#### Assignment
Below are entries with pictures among them; reproduce exactly, and only, the lines from the one containing "Ингредиенты: вода, пептидный" down to the one containing "尾根道は雪の吹き溜まりができ", without the pictures.

#### Records to use
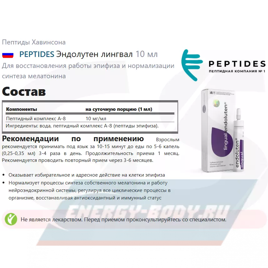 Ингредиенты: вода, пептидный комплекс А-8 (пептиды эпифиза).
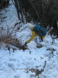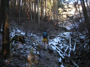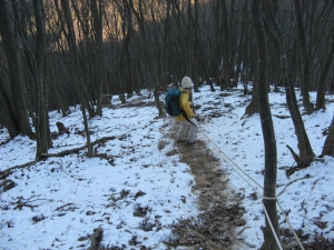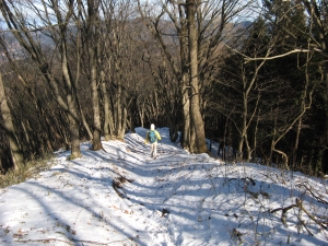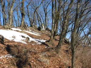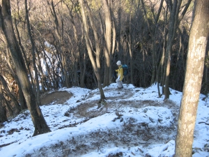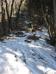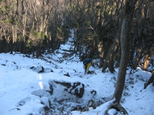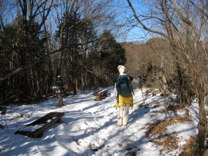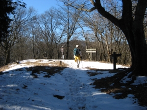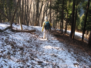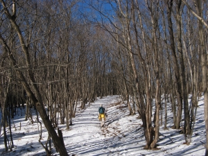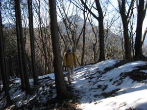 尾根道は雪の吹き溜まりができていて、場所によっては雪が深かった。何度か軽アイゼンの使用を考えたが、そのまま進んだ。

==

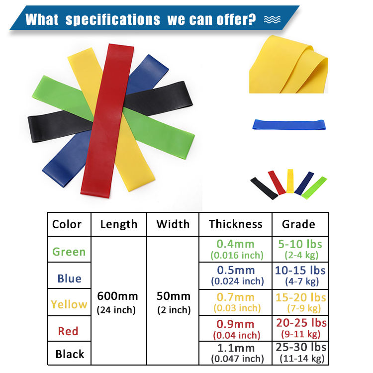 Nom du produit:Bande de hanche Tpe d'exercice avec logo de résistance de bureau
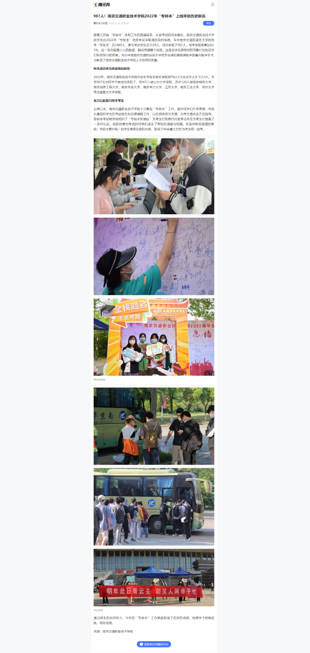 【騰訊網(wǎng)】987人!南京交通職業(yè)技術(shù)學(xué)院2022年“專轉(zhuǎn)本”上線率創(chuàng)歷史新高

--

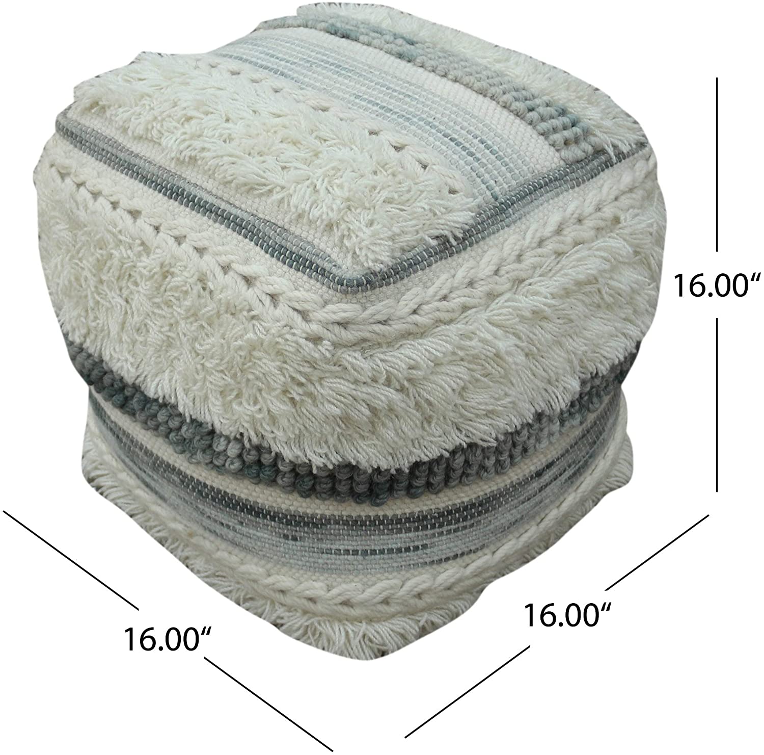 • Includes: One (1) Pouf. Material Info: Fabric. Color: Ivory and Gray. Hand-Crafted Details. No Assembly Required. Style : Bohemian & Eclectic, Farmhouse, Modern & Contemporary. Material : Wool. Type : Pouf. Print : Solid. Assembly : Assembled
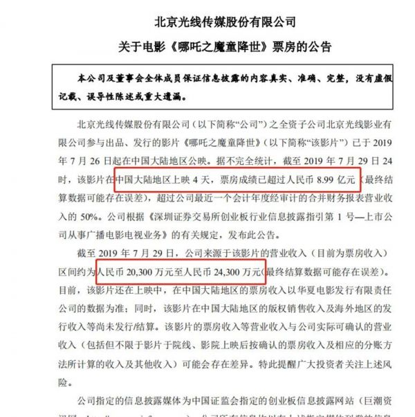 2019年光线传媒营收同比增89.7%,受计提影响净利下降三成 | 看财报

#### Task result
 Ингредиенты: вода, пептидный комплекс А-8 (пептиды эпифиза).
 尾根道は雪の吹き溜まりができていて、場所によっては雪が深かった。何度か軽アイゼンの使用を考えたが、そのまま進んだ。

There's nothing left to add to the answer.